This article describes the components that make up a horizontal axis wind turbine. There are many other designs for converting wind to electrical energy, but the horizontal axis wind turbine has proven to be the most cost efficient to date. The major components are listed below.

  1. Foundation – support the tower and keep it upright.
  2. Tower – hold the turbine's nacelle and rotor at a desirable height above ground.
  3. Nacelle – house components used to convert rotor power to electrical power, including a generator, gearbox, yaw system, anemometer, and rotor brake.
  4. Rotor hub – attach the blades to the front of the nacelle and often house pitch bearings/motors.
  5. Rotor blades – convert wind power into rotor rotational power.

Wind turbine components

Foundation

Wind turbine foundations are more complicated than foundations for other structures. This is due to the rotor producing a large aerodynamic (thrust) force downwind, effectively trying to tip over the wind turbine. The foundation must be able to handle this load from any direction - a wind turbine's rotor may turn (yaw) 360 degrees to face into any wind.

Many foundation designs may be used. For onshore wind turbines, the design may depend on the soil/rock composition in the target location. The most common design is a gravity foundation with large spread footing. Offshore wind turbine foundations depend on the water depths and sea floor composition. The most common design is a monopile – a single column “stabbed” deep into the seabed.

Tower

Wind turbine towers are required to hold the rotor up above the ground. Tower heights are typically about double the rotor radius. Wind speed increases with height, so taller towers provide greater energy capture, all else equal. This is particularly true in areas with large wind shear, where the wind speed increases faster with height. However, tower cost increases with height, requiring a balanced design.

Towers generate undesirable aerodynamic interference on blades passing nearby. This can (1) reduce energy capture, (2) create an undesirable periodic noise and (3) fatigue the turbine via the sharp change in aerodynamic loading. For this reason, an aerodynamically transparent tower would be attractive. For example, a very narrow tower or a tower located further from the rotor. However, these traits increase cost - a balanced design must be chosen. (Modern wind turbine rotors operate upwind of the tower to reduce the tower effect on the blades.)

Many older turbine's used lattice towers. Such towers were cost/material efficient, but they have been replaced for aesthetic reasons. Modern towers are made of 20-30-meter tubular steel sections which are bolted together on site. These are conical, increasing in diameter near the ground for structural efficiency.

Nacelle

The nacelle supports the turbine's rotor hub and houses the generator, gearbox and other components. The entire nacelle turns (yaws) relative to the tower to keep the rotor facing into the wind. The rotor hub attaches to the front of the nacelle and other components may be attached outside the nacelle like an anemometer and wind vane.

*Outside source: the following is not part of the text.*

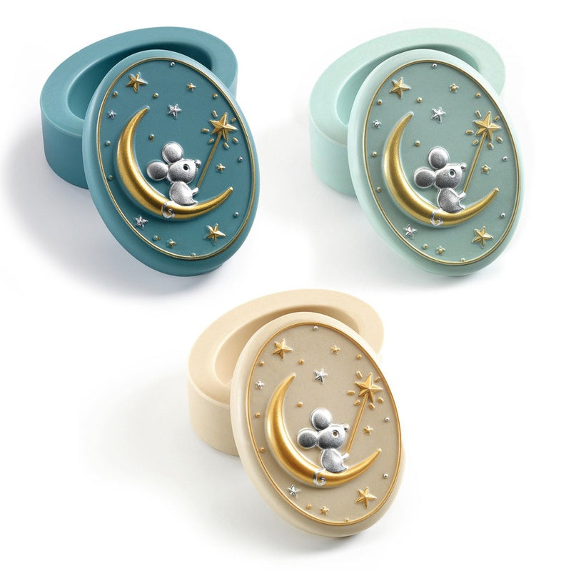 A tooth box illustrated with a sweet little 3D scene, available in 3 different shades (light turquoise, dark turquoise and cream) with shimmering colours (gold finish). This box will be the perfect addition to your child's bedroom.

The low speed shaft attached to the rotor enters the front of the nacelle. This shaft typically feeds into a gearbox which converts the rotational energy to a higher speed / lower torque that is more desirable for the generator. However, there are “direct drive” wind turbines that do not include a gearbox - the low speed shaft directly powers the generator. There’s no free lunch however – the increase in generator cost for a direct drive system offsets the savings of circumventing a gearbox. The generator outputs A/C electricity.

A mechanical drum or disk brake inside the nacelle assists in slowing the rotor in emergency situations (this is in addition to blade pitch which aerodynamically slows the rotor). Typically a rotor lock is also included to hold the rotor fixed without wearing the brakes.

Rotor hub

The rotor hub attaches to the front of the nacelle and to the low speed shaft. The blades are bolted to the hub, but typically via an intermediary bearing that allows the blades to pitch. Pitch motors are often included within the hub to set blade pitch angles. Older, “stall regulated” blades were bolted directly to the hub. The wind turbine's controller commands a blade pitch angle (mostly as a function of wind speed), which the pitch motors follow.

Blades

The blades on a wind turbine are pushed by the wind to create power on the low speed shaft. Blade shape is critical to maximize this power. Aerodynamic design, including high lift to drag ratio with suitable twist and chord distribution enable efficient capture of wind energy. However, the aerodynamic design is constrained by other factors described below.

Shipping constraints often limit the cross-sectional size of the blade, particularly near the hub. It’s possible to design a modular blade that is disassembled for shipping, but the cost has traditionally been prohibitive. This may change in the future.

Structural efficiency requires portions of the blade to be thicker than aerodynamically optimal. To have the same strength, thinner blades must incorporate more or alternate material and hence increase cost. Wind turbine blades are thinner near the tip where aerodynamics is more important and strength is less important, but thicker (often cylindrical) near the hub where strength is paramount.

Blade noise is another consideration. Some wind turbines are located near residences where complaints can jeopardize future projects and even cause existing turbines to be curtailed. Hence, blade shape is often constrained by noise, particularly near the tip where small changes in shape can have a large impact. Noise may also impact blade design in another way – lowering the rotor speed. Noise increases with the 5th power of rotor speed, sometimes requiring rotor designs that can operate efficiently at lower “tip speed ratios.”

Yet another concern is the soiling of blades bombarded by insects and dirt in operation. This effectively changes the aerodynamics of the blades and can promote early stall, drastically reducing a turbine's energy production. Frequently cleaning blades is typically not feasible. Hence, blades must be deigned with a level of “roughness insensitivity” – the ability to maintain acceptable lift/drag coefficients even when contaminated by bugs/dirt. Such designs reduce the “clean” performance of the blades but increase the average performance.